Finisar Corporation (NASDAQ:FNSR) Files An 8-K Submission of Matters to a Vote of Security Holders

Finisar Corporation (NASDAQ:FNSR) Files An 8-K Submission of Matters to a Vote of Security Holders
Item 5.07. Submission of Matters to a Vote of Security Holders.

Story continues below

On March26, 2019, Finisar Corporation, a Delaware corporation (“Finisar” or the “Company”), held a special meeting of the Company’s stockholders in Menlo Park, California (the “Finisar Special Meeting”). As of February5, 2019, the Company’s record date for the Special Meeting, there were a total of 117,900,912 shares of common stock, par value $0.001 per share, (the “Finisar common stock”) outstanding and entitled to vote at the Finisar Special Meeting. At the Finisar Special Meeting, 87,585,666 shares of Finisar common stock were present or represented by proxy and, therefore, a quorum was present. The Company’s stockholders voted on three proposals, each of which was approved by the requisite vote of the Company’s stockholders. The final voting results for the proposals are set forth below.

Proposal 1: A proposal to adopt the Agreement and Plan of Merger, dated as of November8, 2018, as may be amended from time to time (the “Merger Agreement”), by and among II-VI Incorporated, a Pennsylvania corporation (“II-VI”), Mutation Merger Sub Inc., a Delaware corporation and wholly owned subsidiary of II-VI Incorporated, and Finisar (the “Merger Proposal”).

For

Against

Abstain

87,036,284

473,723

75,659

Proposal 2: A proposal to approve adjournments of the Finisar Special Meeting, if necessary or appropriate, including to solicit additional proxies if there are insufficient votes at the time of the Finisar Special Meeting to approve the Merger Proposal.

For

Against

Abstain

81,250,046

6,229,842

105,778

Proposal 3: A proposal to approve, by non-binding, advisory vote, certain compensation that may be paid or become payable to Finisar’s named executive officers in connection with the merger contemplated by the Merger Agreement and the agreements and understandings to which such compensation may be paid or become payable.

For

Against

Abstain

72,073,200

14,646,857

865,609

The affirmative vote of stockholders of the Company holding a majority of the outstanding shares of Finisar common stock entitled to vote on the Merger Proposal satisfies one of the conditions to the closing of the merger contemplated by the Merger Agreement, which remains subject to other customary closing conditions.

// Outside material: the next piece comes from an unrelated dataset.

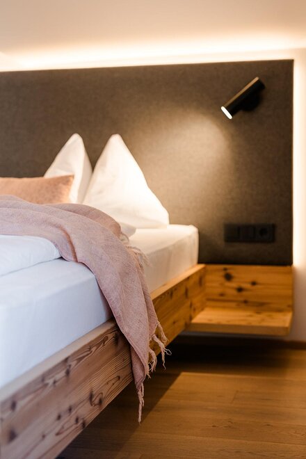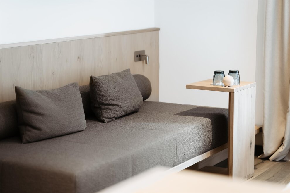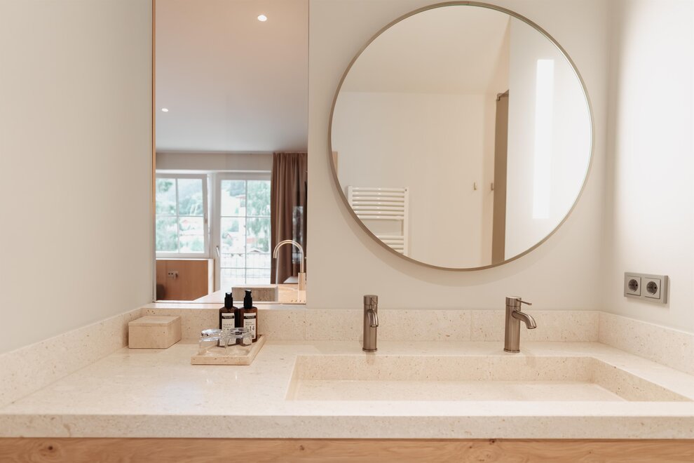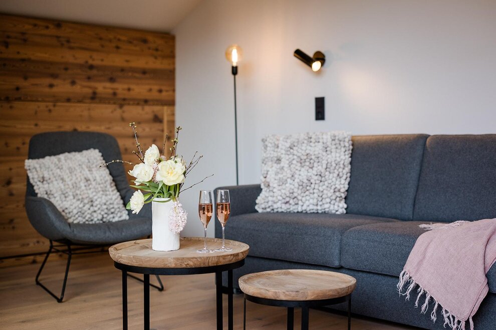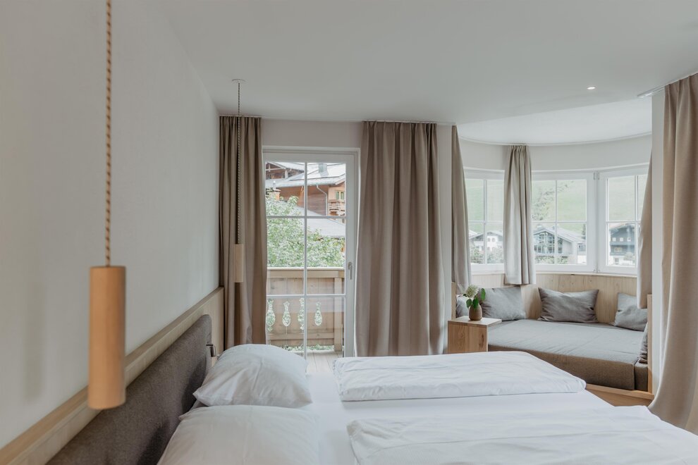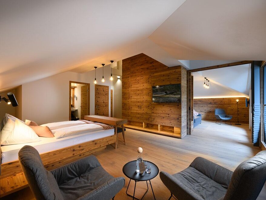 NOVÉ od června 2025! prostorné, nové rodinné apartmá s dalším dvoulůžkovým pokojem (1x velká manželská postel, 1x jednolůžko nebo dvoulůžko), přírodní dřevěná podlaha, útulná sedací souprava, soukromý a zařízený balkon s výhledem na hory, W-Lan, hotelový trezor, telefon, TV, minibar, čerstvá voda, kávovar, velká moderní koupelna s přírodním kamenem, sprchou, dvojitým umyvadlem, samostatné WC, fén na vlasy, sušička ručníků, včetně 3/4 penze

About Finisar Corporation (NASDAQ:FNSR)

Finisar Corporation (Finisar) is a provider of optical subsystems and components that are used in data communication and telecommunication applications. The Company’s optical subsystems consist of transmitters, receivers, transceivers, transponders and active optical cables, which provide the fundamental optical-electrical or optoelectronic interface for interconnecting the electronic equipment used in these networks, including the switches, routers, and servers used in wireline networks. These products rely on the use of semiconductor lasers and photodetectors in conjunction with integrated circuits and optoelectronic packaging to provide a means for transmitting and receiving digital signals over fiber optic cable at speeds ranging from less than one gigabit per second (Gbps), to more than 100 Gbps, over distances of less than 10 meters to more than 2,000 kilometers, using a range of network protocols and physical configurations.